4. Umsetzung der Marktzugangsstrategie
Die zahlenbasierte Marktanalyse erlaubt - in Hinblick auf Ressourcen und Evidenzlage - die Abwägung einer geeigneten Marktzugangsstrategie. Dies überzeugt auch Investoren, denn das Medtech-Produkt ist somit nicht nur technologisch innovativ, sondern auch kommerziell tragfähig. Marktzugangswege werden in der Praxis oft nacheinander implementiert, sobald die erforderliche Evidenz generiert wird.

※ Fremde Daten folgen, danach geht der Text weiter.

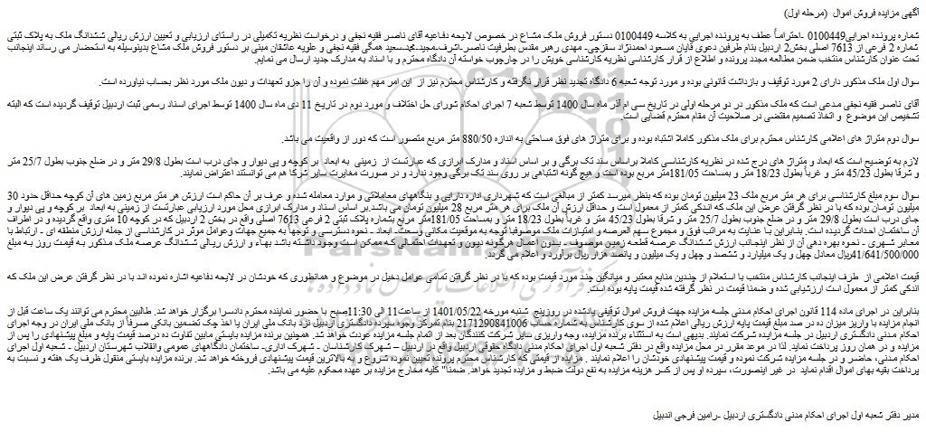 شماره پرونده اجرایی0100449 -احتراماً عطف به پرونده اجرایی به کلاسه 0100449 دستور فروش ملک مشاع در خصوص لایحه دفاعیه آقای ناصر فقیه نجفی و درخواست نظریه تکمیلی در راستای ارزیابی و تعیین ارزش ریالی ششدانگ ملک به پلاک ثبتی شماره 2 فرعی از 7613 اصلی بخش2 اردبیل بنام طرفین دعوی قایان مسعود احمدنژاد سقزچی- مهدی رهبر مقدس بطرفیت ناصر-اشرف-مجید-محمد-سعید همگی فقیه نجفی و علویه عاشقان مبنی بر دستور فروش ملک مشاع بدینوسیله به استحضار می رساند اینجانب تحت عنوان کارشناس منتخب ضمن مطالعه مجدد پرونده و اطلاع از قرار کارشناسی نظریه کارشناسی خویش را در چارچوب خواسته آن دادگاه محترم و با اسناد به مدارک جدید ارسال می نمایم.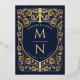 Invite your wedding guests with this Royal Sword & Shield Mediaeval Fantasy Monogram design. This design is perfect for couples seeking a regal yet modern-day mediaeval fantasy aesthetic. Personalise the text, font, and background colour to suit your design preferences. Matching Items in our shop for a complete party theme. Please Note that the gold on the back of the invitation is NOT real foil and is printed in flat colours.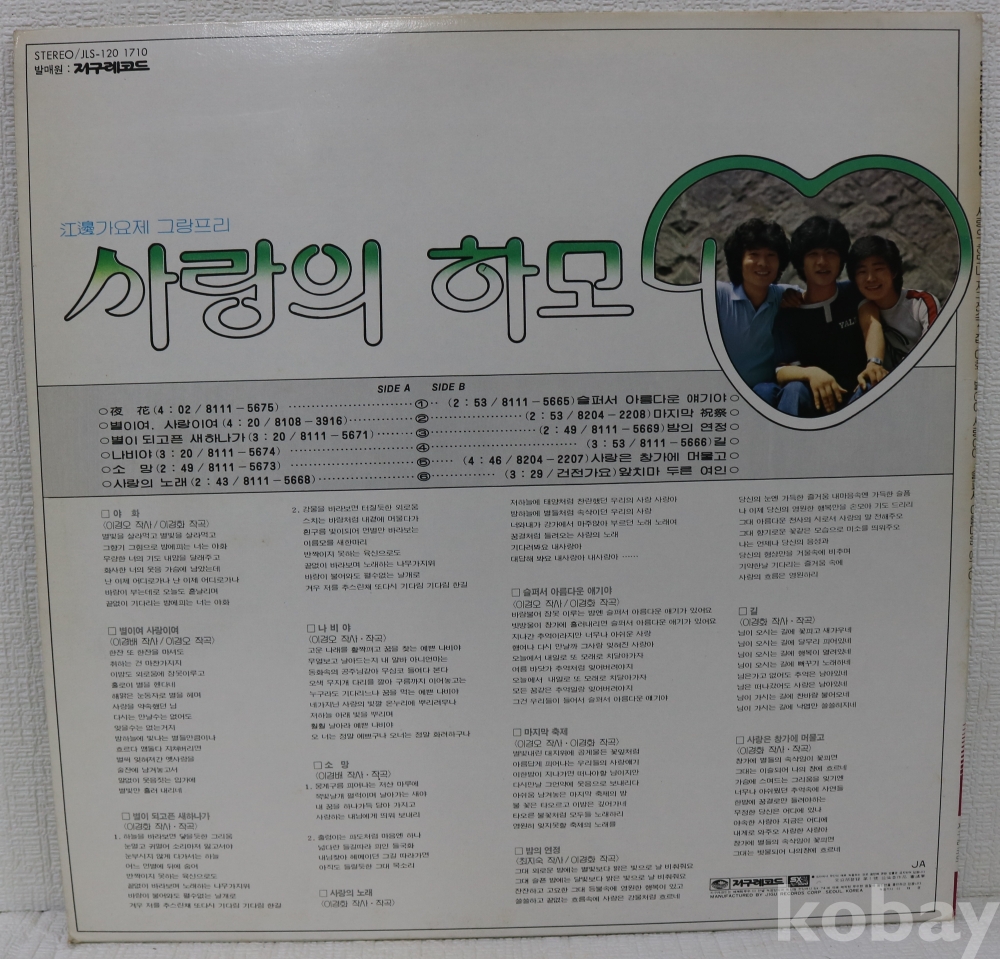 가사지가 없는데 있다고 표기된것은 뒷면에 가사인쇄가 있어서 입니다.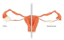 XX gonadal dysgenesis is a type of female hypogonadism in which the ovaries do not function to induce puberty in an otherwise normal girl, whose karyotype is 46,XX.[1] Individuals with XX gonadal dysgenesis have normal-appearing external genitalia as well as Müllerian structures (e.g., cervix, vagina, uterus). Due to the nearly absent or nonfunctional streak ovaries (under-developed ovaries that are then small and fibrous tissue, hence the term "streak"),[2] the individual is low in estrogen levels (hypoestrogenic) and has high levels of follicle-stimulating hormone (FSH) and luteinizing hormone (LH), hormones that cycle in the reproductive system.[3] As a result, the diagnosis often occurs after a concern for delayed puberty or amenorrhea. Treatment generally involves hormone replacement therapy with estrogen and progesterone.[4]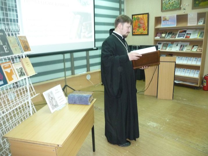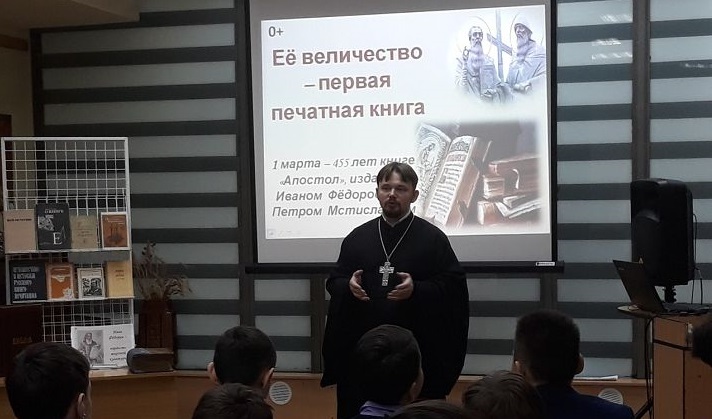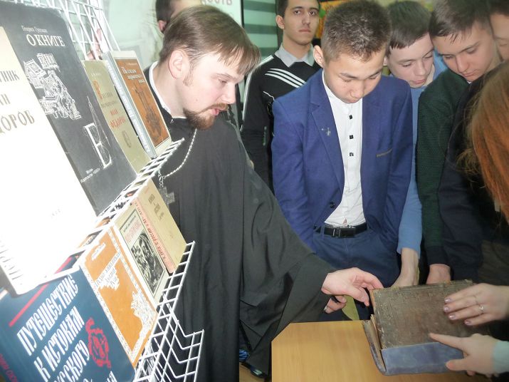 ОРСК. 1 марта 2019 г. В Центральной библиотеке им. М.Горького состоялась встреча учащихся средней школы № 27 с клириком Свято-Георгиевского кафедрального собора Григорием Сычёвым.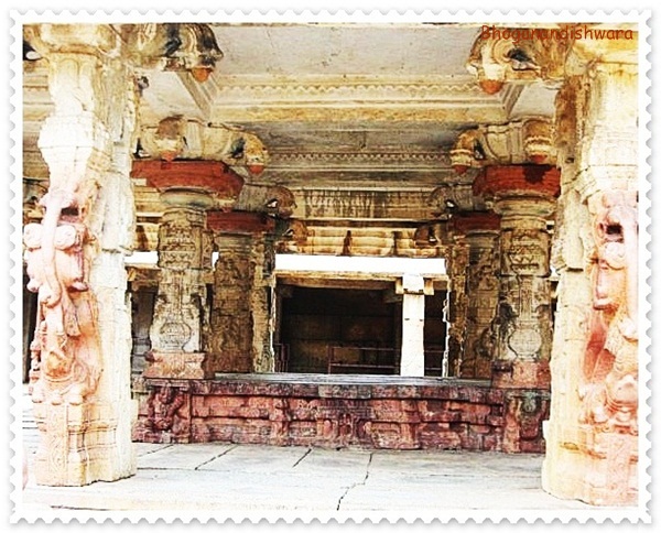 The temple complex also includes Devi temples dedicated to Girijambha and Kuchambha, a large Square stepped Tank, Vasanthamantapa, Tulabharamantapa and Navagrahas. The tank is at the far end of the temple and is lined with enclosures which appear to be the changing rooms. Apart from rain water, the source of water for the tank is unclear though there are stories of rivers feeding it from underground. Vasanthamantapa, located just opposite is noted to be the place where Shiva and Parvathi were married. It is open on all sides, each exquisite sandstone pillar relating a story about the divine wedding. It is an ideal location for marriage with all the 5 elements of nature in abundant attendance and ample showering of divine blessings. It is a popular choice for modern day couples intending to infuse heritage and divinity in their wedding venue and thats what the couple on television did !!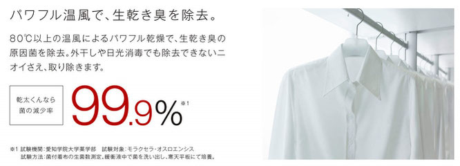 80℃以上の温風によるパワフル乾燥で生乾き臭の原因菌を除去。外干しや日光消毒でも除去できないニオイを取り除くので、生乾き臭の心配もありません。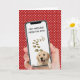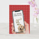 Golden-hämtning i cell mobila ram med textmeddelande på vit polka dots röd för födelsedagen från hund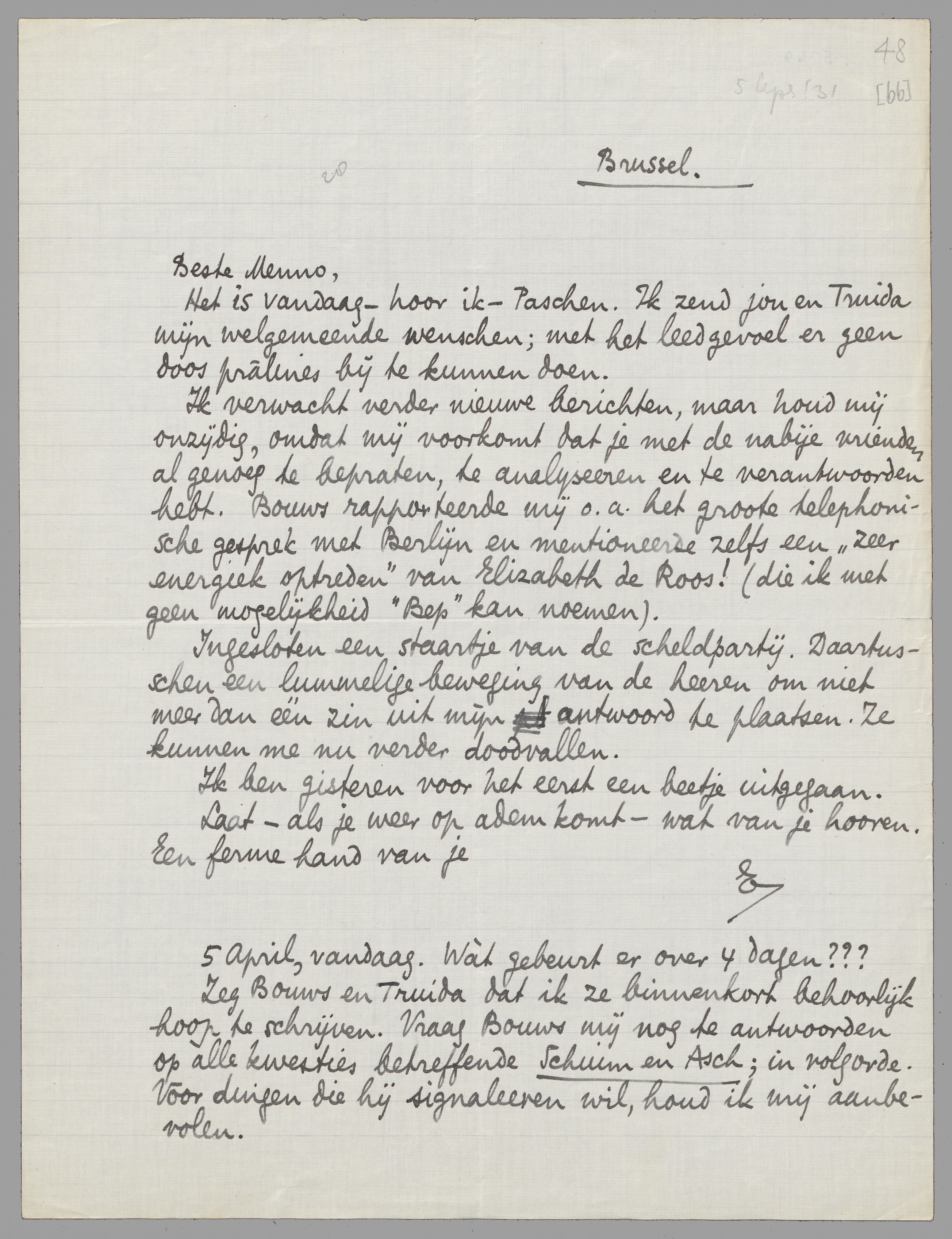 Ik verwacht verder nieuwe berichten, maar houd mij onzijdig, omdat mij voorkomt dat je met de nabije vrienden al genoeg te bepraten, te analyseeren en te verantwoorden hebt. Bouws rapporteerde mij o.a. het groote telephonische gesprek met Berlijn en mentioneerde zelfs een ‘zeer energiek optreden’ van Elizabeth de Roos! (die ik met geen mogelijkheid ‘Bep’ kan noemen).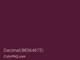 Decimal 88364675 Color is a very dark rose color and the nearest color is Wine Berry #591d35. Hex code #531833 and RGB value is rgb(83,24,51). In RGB color space, this color is composed of 33% red, 9% green, 20% blue, In CMYK color space, this color is composed of 0% cyan, 71% magenta, 39% yellow , 67% black , In HSL color space, this color has a hue angle of 333° , 55% saturation and 21% lightness.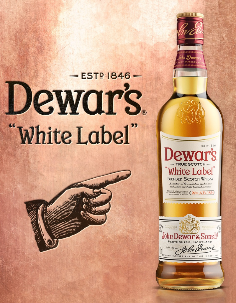Dewar's White Label Blended Scotch Whisky was created in 1899 and contains around 40 different whiskies in the blend. The full bodied scotch has rich notes of honey, apple, fudge, vanilla, and wood with a subtle smokiness.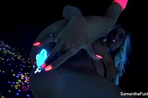 samantha saint performs a solo in black light.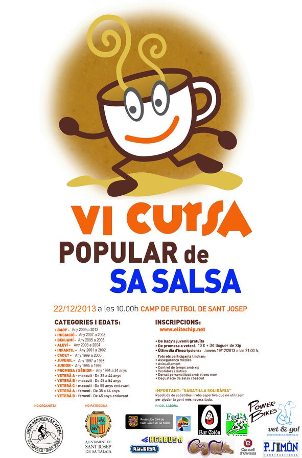 ART. 1- El Grup Esportiu es Vedrà, en colaboración con el ayuntamiento de Sant Josep de sa Talaia, organizan la VII Cursa popular de sa Salsa, con carreras de promoción para todas las edades y una prueba en ruta de 6 km. en el campo de fútbol de san José el domingo 21 de diciembre de 2014 a las 10 de la mañana , la salida de la prueba reina será a las 11:15 horas.

Von praxisorientierter Market Access Intelligence profitieren
Der Schlüssel zum erfolgreichen Marktzugang liegt in der praktischen Anwendung von Wissen. Medtech-Innovatoren sollen agil bleiben, und deren Strategie erst nach Abstimmung mit Experten und Stakeholders festlegen. Intelligence zum Marktzugang in Deutschland ist selbst bei begrenztem Kapital verfügbar. Fallbasierte Ressourcen wie die i-h Academy von inspiring-health können helfen, Erstattungswege je Anwendungsfall in einem ersten Schritt abzuwägen. Medtech-Netzwerke wie das CUBEX ONE in Mannheim oder Berlin Partners in Berlin erleichtern den Kontakt zu Experten, Distributoren und Anwendern. In einigen Fällen ist es zudem möglich, durch sogenannte frühe Beratungen mit dem G-BA oder dem GKV-Spitzenverband unverbindliche Auskünfte zu Erstattung und Evidenzanforderungen zu bekommen, worauf klinische Studien und Erstattungsstrategie angepasst werden können. Hierbei lohnt sich die Begleitung eines Market Access Experten, um gezielte wissenschaftliche und erstattungstechnische Auskünfte aus der Beratung zu erzielen.